[[ INFORMATION PROVIDED, beginning ]]

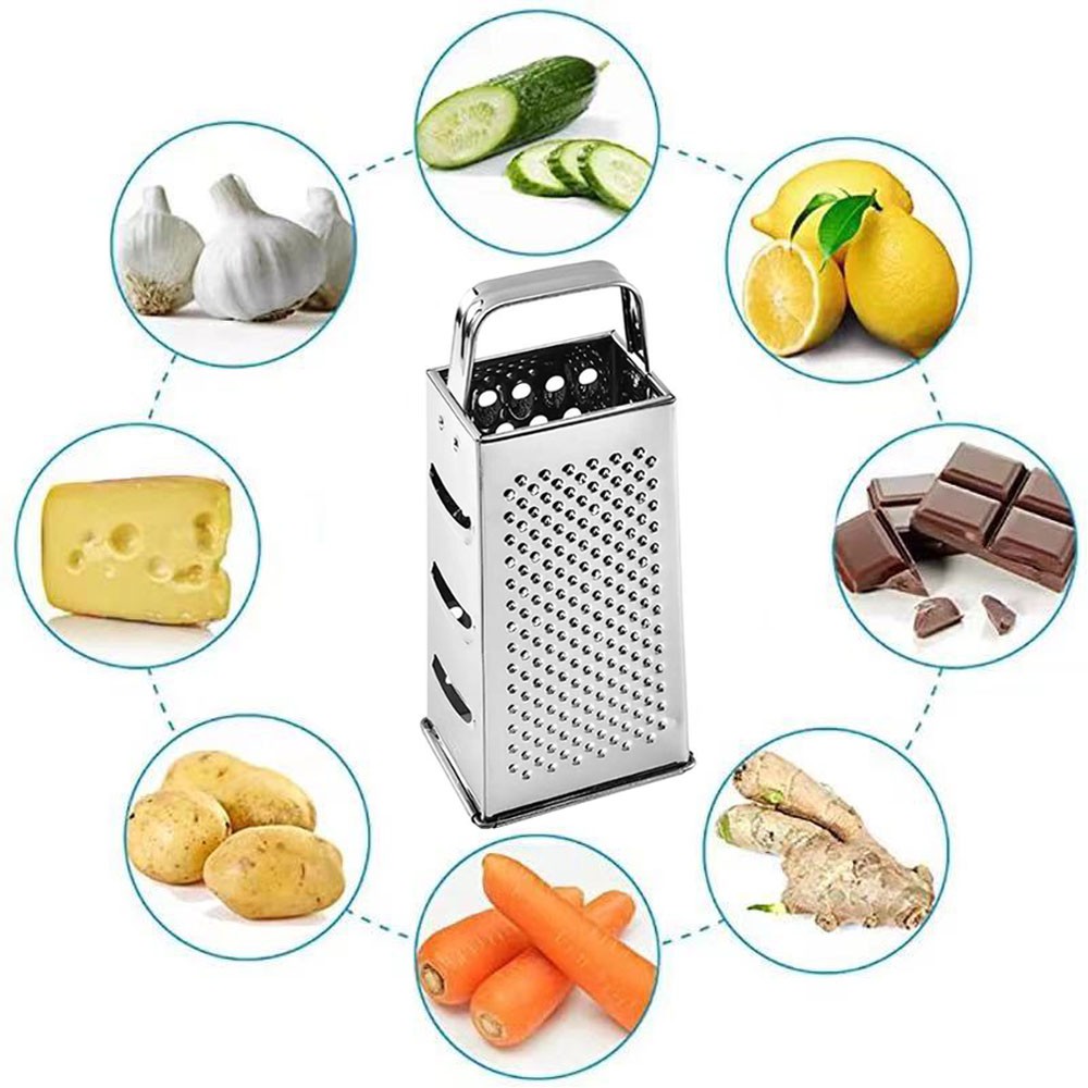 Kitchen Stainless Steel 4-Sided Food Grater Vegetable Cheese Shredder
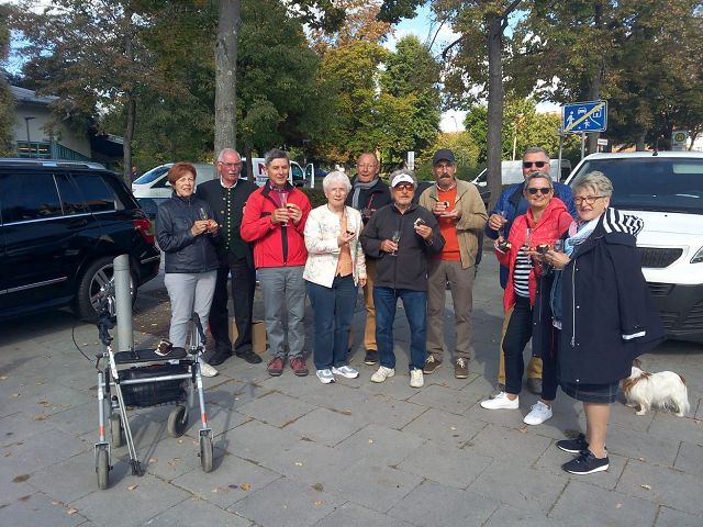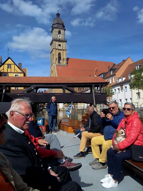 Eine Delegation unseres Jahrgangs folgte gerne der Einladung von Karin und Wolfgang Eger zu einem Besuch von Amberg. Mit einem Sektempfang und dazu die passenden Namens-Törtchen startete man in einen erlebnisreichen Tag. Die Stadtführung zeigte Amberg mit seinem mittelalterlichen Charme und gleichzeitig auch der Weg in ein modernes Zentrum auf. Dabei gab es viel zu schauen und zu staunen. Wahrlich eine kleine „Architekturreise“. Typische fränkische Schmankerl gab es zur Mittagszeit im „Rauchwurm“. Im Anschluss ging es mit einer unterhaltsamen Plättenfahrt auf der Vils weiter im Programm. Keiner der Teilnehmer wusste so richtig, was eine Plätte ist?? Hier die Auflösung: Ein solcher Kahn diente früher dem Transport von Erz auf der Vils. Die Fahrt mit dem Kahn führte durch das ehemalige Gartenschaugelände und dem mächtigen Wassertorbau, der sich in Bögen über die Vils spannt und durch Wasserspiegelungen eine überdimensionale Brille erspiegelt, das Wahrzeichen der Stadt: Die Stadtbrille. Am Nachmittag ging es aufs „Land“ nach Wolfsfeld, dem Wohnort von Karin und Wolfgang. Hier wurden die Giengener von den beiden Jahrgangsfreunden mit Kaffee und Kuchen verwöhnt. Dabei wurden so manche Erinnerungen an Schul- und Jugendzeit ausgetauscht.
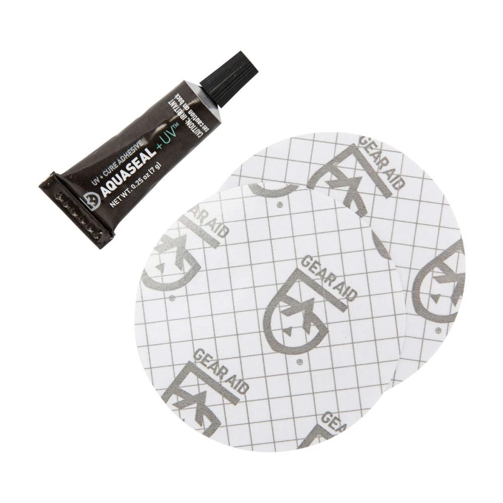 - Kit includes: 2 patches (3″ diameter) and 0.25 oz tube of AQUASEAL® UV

[[ INFORMATION PROVIDED, end ]]

Leave every picture out. Retype the remaining data exactly.

**WRITTEN REPLY:**
 Kitchen Stainless Steel 4-Sided Food Grater Vegetable Cheese Shredder
 Eine Delegation unseres Jahrgangs folgte gerne der Einladung von Karin und Wolfgang Eger zu einem Besuch von Amberg. Mit einem Sektempfang und dazu die passenden Namens-Törtchen startete man in einen erlebnisreichen Tag. Die Stadtführung zeigte Amberg mit seinem mittelalterlichen Charme und gleichzeitig auch der Weg in ein modernes Zentrum auf. Dabei gab es viel zu schauen und zu staunen. Wahrlich eine kleine „Architekturreise“. Typische fränkische Schmankerl gab es zur Mittagszeit im „Rauchwurm“. Im Anschluss ging es mit einer unterhaltsamen Plättenfahrt auf der Vils weiter im Programm. Keiner der Teilnehmer wusste so richtig, was eine Plätte ist?? Hier die Auflösung: Ein solcher Kahn diente früher dem Transport von Erz auf der Vils. Die Fahrt mit dem Kahn führte durch das ehemalige Gartenschaugelände und dem mächtigen Wassertorbau, der sich in Bögen über die Vils spannt und durch Wasserspiegelungen eine überdimensionale Brille erspiegelt, das Wahrzeichen der Stadt: Die Stadtbrille. Am Nachmittag ging es aufs „Land“ nach Wolfsfeld, dem Wohnort von Karin und Wolfgang. Hier wurden die Giengener von den beiden Jahrgangsfreunden mit Kaffee und Kuchen verwöhnt. Dabei wurden so manche Erinnerungen an Schul- und Jugendzeit ausgetauscht.
 - Kit includes: 2 patches (3″ diameter) and 0.25 oz tube of AQUASEAL® UV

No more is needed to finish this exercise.